**RECORDS TO PROCESS**
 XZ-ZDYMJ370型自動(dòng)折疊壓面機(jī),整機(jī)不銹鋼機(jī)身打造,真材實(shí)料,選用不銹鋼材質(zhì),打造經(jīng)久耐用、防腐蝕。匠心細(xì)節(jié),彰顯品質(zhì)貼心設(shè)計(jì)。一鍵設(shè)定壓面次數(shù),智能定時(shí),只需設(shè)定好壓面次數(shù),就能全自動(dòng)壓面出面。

* * *

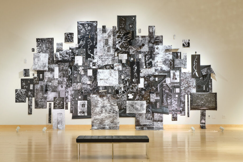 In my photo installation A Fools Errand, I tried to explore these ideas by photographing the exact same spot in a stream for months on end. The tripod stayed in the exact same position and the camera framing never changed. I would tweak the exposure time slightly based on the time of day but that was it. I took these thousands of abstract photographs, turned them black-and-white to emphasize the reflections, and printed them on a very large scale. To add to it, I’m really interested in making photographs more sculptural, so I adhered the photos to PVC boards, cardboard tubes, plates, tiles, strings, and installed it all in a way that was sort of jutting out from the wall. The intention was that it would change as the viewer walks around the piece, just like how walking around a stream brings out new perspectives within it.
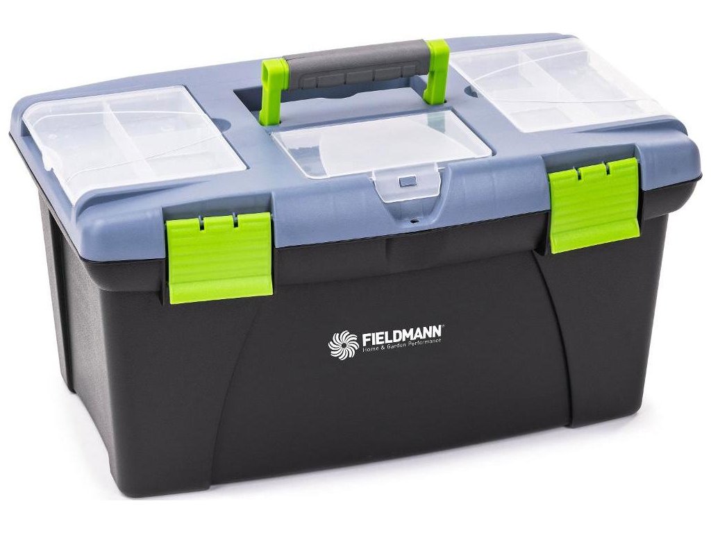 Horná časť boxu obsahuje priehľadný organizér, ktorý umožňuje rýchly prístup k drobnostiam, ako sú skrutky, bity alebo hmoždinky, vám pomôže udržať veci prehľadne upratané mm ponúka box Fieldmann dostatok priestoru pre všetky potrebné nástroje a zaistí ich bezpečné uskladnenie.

...

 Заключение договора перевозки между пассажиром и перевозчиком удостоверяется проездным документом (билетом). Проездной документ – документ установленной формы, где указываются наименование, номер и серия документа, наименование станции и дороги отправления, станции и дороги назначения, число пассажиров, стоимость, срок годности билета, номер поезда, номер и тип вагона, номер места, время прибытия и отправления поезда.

**WHAT IS NEEDED**
Since the pictures are not part of the copy, please transcribe only the lines above from the one with "In my photo" through the one with "Horná časť boxu", exactly and with both ends.

**EXERCISE OUTPUT**
 In my photo installation A Fools Errand, I tried to explore these ideas by photographing the exact same spot in a stream for months on end. The tripod stayed in the exact same position and the camera framing never changed. I would tweak the exposure time slightly based on the time of day but that was it. I took these thousands of abstract photographs, turned them black-and-white to emphasize the reflections, and printed them on a very large scale. To add to it, I’m really interested in making photographs more sculptural, so I adhered the photos to PVC boards, cardboard tubes, plates, tiles, strings, and installed it all in a way that was sort of jutting out from the wall. The intention was that it would change as the viewer walks around the piece, just like how walking around a stream brings out new perspectives within it.
 Horná časť boxu obsahuje priehľadný organizér, ktorý umožňuje rýchly prístup k drobnostiam, ako sú skrutky, bity alebo hmoždinky, vám pomôže udržať veci prehľadne upratané mm ponúka box Fieldmann dostatok priestoru pre všetky potrebné nástroje a zaistí ich bezpečné uskladnenie.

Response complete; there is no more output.